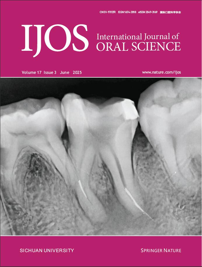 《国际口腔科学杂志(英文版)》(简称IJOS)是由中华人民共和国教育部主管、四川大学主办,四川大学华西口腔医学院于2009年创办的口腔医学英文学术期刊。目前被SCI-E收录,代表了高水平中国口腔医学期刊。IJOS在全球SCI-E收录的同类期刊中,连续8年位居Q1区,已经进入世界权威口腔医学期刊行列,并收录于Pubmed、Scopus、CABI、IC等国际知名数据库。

---

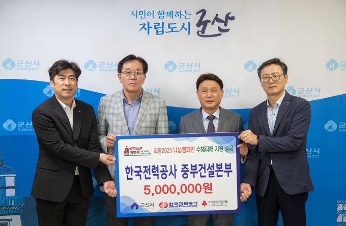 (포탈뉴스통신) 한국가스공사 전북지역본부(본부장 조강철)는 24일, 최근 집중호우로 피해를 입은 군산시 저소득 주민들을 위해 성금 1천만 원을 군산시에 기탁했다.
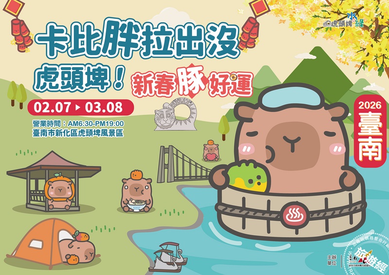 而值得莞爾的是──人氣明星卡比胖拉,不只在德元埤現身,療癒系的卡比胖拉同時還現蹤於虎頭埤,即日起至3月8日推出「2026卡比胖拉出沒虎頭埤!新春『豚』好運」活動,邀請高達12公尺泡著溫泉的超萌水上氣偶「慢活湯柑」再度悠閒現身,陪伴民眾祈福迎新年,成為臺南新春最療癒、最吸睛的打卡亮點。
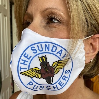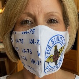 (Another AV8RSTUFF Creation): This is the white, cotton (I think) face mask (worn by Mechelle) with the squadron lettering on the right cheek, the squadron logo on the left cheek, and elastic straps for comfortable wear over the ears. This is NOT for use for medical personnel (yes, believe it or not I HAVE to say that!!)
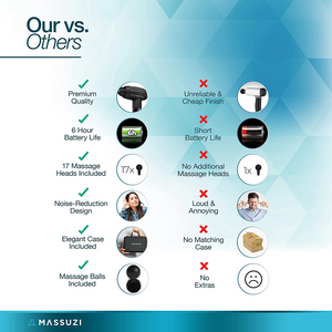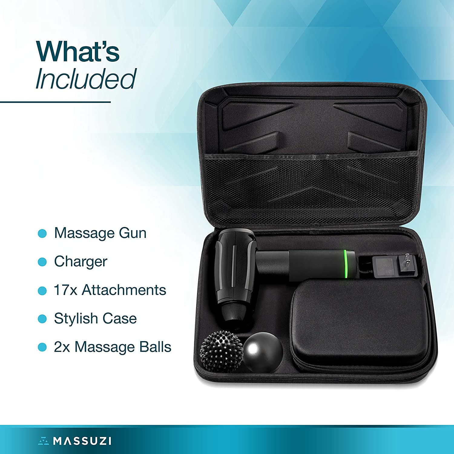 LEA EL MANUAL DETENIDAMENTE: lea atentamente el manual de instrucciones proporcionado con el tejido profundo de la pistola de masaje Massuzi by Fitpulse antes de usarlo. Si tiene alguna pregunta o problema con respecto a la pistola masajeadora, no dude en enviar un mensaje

### PROMPT
Given the entries above, transcribe exactly the lines from the one holding "(포탈뉴스통신) 한국가스공사 전북지역본부(본부장" through the one holding "(Another AV8RSTUFF Creation): This"; pictures do not belong in the transcription.

### WRITTEN SOLUTION
 (포탈뉴스통신) 한국가스공사 전북지역본부(본부장 조강철)는 24일, 최근 집중호우로 피해를 입은 군산시 저소득 주민들을 위해 성금 1천만 원을 군산시에 기탁했다.
 而值得莞爾的是──人氣明星卡比胖拉,不只在德元埤現身,療癒系的卡比胖拉同時還現蹤於虎頭埤,即日起至3月8日推出「2026卡比胖拉出沒虎頭埤!新春『豚』好運」活動,邀請高達12公尺泡著溫泉的超萌水上氣偶「慢活湯柑」再度悠閒現身,陪伴民眾祈福迎新年,成為臺南新春最療癒、最吸睛的打卡亮點。
 (Another AV8RSTUFF Creation): This is the white, cotton (I think) face mask (worn by Mechelle) with the squadron lettering on the right cheek, the squadron logo on the left cheek, and elastic straps for comfortable wear over the ears. This is NOT for use for medical personnel (yes, believe it or not I HAVE to say that!!)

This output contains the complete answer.